Mark Twain famously said, "Everyone talks about the weather, but nobody does anything about it." Conversely, in IT everyone talks about data center energy efficiency, and many vendors are trying to do something about it. The introduction of Viridity's new EnergyCenter offers a particularly intriguing example. Viridity, a start-up company, tackles the data center energy-efficiency problem head on with EnergyCenter, a software approach to enabling data center energy optimization. Now corporate initiatives to go "green" are well and good, but there a couple of pragmatic business reasons why energy efficiency is being increasingly scrutinized within IT organizations.

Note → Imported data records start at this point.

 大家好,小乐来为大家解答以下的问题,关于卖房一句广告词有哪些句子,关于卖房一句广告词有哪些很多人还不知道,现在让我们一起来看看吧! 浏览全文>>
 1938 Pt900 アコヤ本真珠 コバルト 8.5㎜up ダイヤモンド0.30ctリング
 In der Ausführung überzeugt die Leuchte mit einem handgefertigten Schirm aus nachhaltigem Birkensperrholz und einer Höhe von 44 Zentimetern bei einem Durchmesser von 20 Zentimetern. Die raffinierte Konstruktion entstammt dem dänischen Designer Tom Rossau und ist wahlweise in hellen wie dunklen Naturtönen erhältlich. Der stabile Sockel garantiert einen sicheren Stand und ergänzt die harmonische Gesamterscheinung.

First, the demand for computing and storage resources, which obviously require power, is expected to increase. However, expanding the physical footprint of a data center along with new workload-accommodating power infrastructures, including transformers, power distribution units, and backup generators, is a big no-no. When IT organizations are, at best, in budgetary cost-containment, as opposed to cost-reduction, mode, obtaining the capital expense (CAPEX) dollars for a data center upgrade solely for power reasons is likely to be a very hard sell. Then there is the price of electricity, which is not likely to go down. Just the opposite. The organizations that own the operating expense (OPEX) budget are likely feeling under increasing pressure because of upward-spiraling electricity costs, but that doesn't let IT off the hook, as the enterprise still has to pay the bill for inefficient energy management.

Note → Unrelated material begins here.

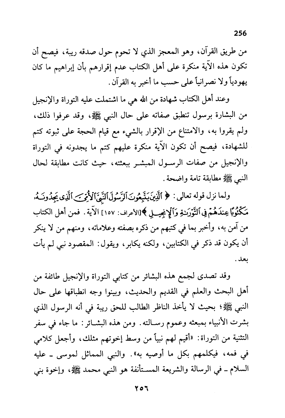 وقد تصدى لجمع هذه البشائر من كتابي اْلتوراة والإنجيل طائفة من أهل البحث والعلم في القديم والحديث، وبينوا وجه انطباقها على حال النبي - صلى الله عليه وسلم -؛ بحيث لا يأخذ الناظر الطالب للحق ريبة في أنه الرسول الذي بشرت الأنبياء بمبعثه وعموم رسالته. ومن هذه البشائر: ما جاء في سفر التثنية من التوراة: "أقيم لهم نبياً من وسط إخوتهم مثلك، وأجعل كلامي في فمه، فيكلمهم بكل ما أوصيه به". والنبي المماثل لموسى -عليه السلام- في الرسالة والشريعة المستأنفة هو النبي محمد - صلى الله عليه وسلم -، وإخوة بني
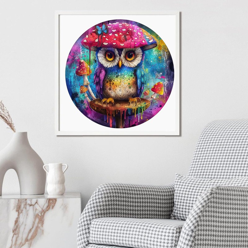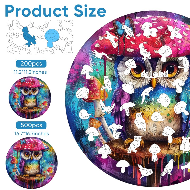 delobil Wooden Puzzles for Adults, Owl & Mushroom Wooden Puzzles 200 Pieces, Unique Shaped Bird Jigsaw Puzzles, Birthday Creative Gifts Fun Challenging Family Puzzle Games, 11.2x11.2 Inch, Medium

For energy management in the data center, having good information at the granular device level is necessary as is the analytical reporting capability to make that information actionable. For example, what would be the impact of a tech refresh with more energy-efficient equipment? Or what would be the energy/cost impact of virtual server-based consolidation, which powers down no-longer-needed physical servers?

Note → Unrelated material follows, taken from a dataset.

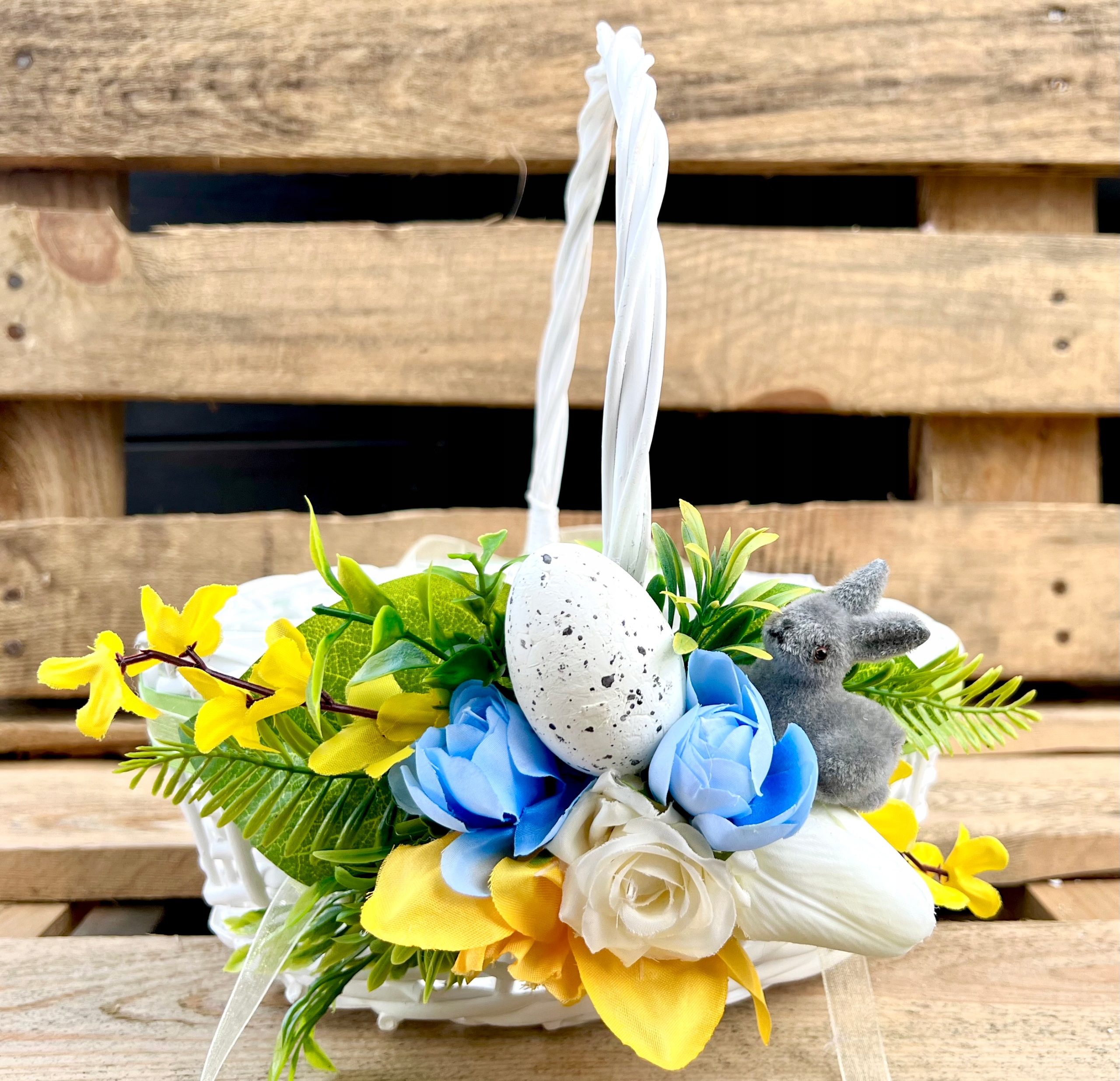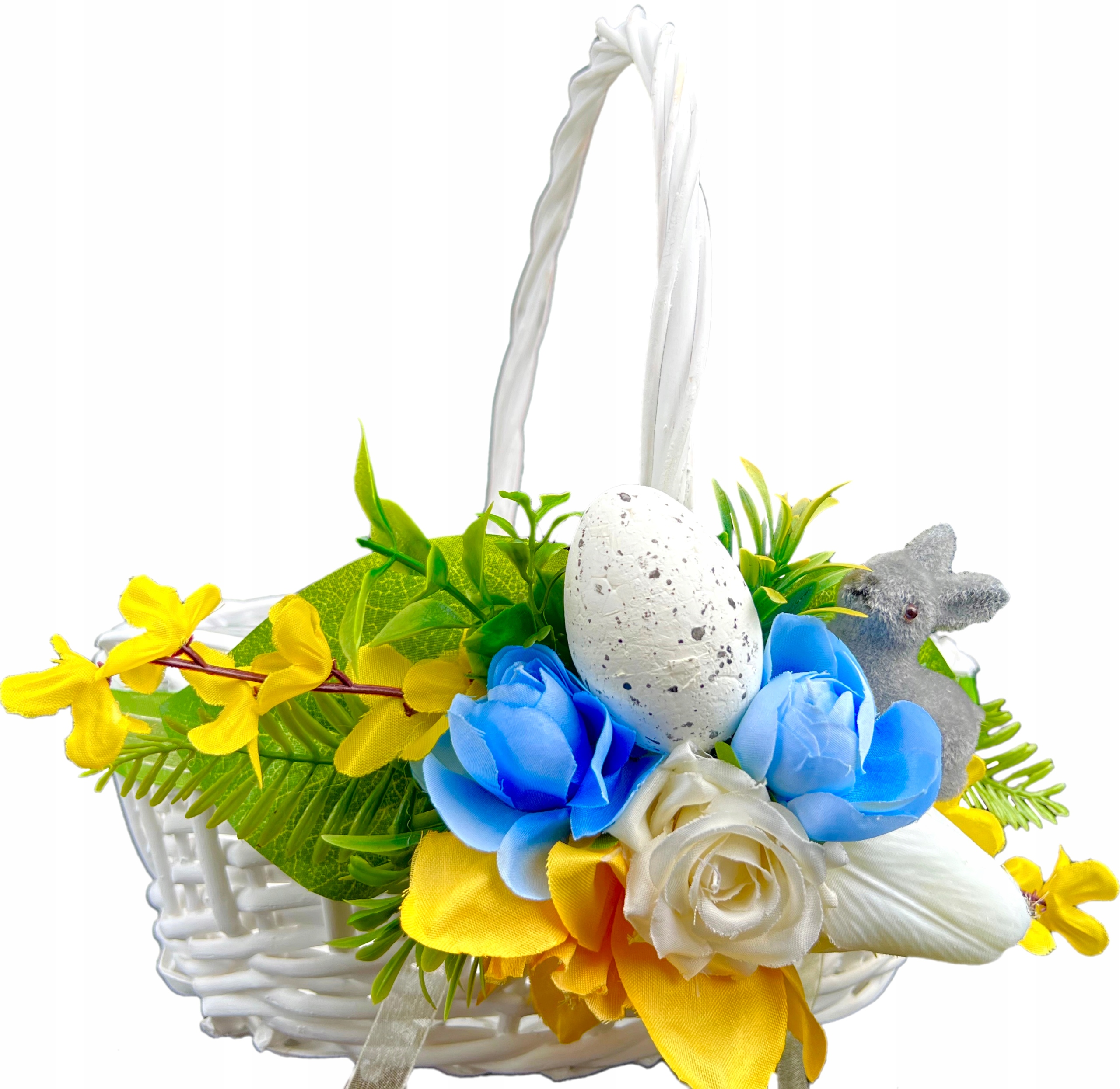 - в оформление входят зеленые аксессуары, цветы, пенопластовые яйца, серый флокированный зайчик, ленты,

Alas, gathering good power consumption information has not been easy. Faceplate information is simply not accurate enough. For example, power utilization and consumption are dynamic, not fixed, whereas faceplates assume a fixed use of energy. How can that be? One example is that modern processing chips use more or less energy depending upon workloads.
To address this point, Viridity's EnergyCenter monitors utilization and maps that to energy consumption over time in order to create a more accurate power utilization profile. This, in turn, can be used for analysis, such as identifying underutilized IT equipment and planning when and why to make that aforementioned tech refresh.
A better way than faceplates is to use physical sensors to collect information in real time. This would make possible the use of continuous information, and it is the most accurate way of gauging energy usage. However, sensors tend to be expensive and intrusive and could cause management problems, such as trying to keep track of configuration changes and updating the sensor network, as well.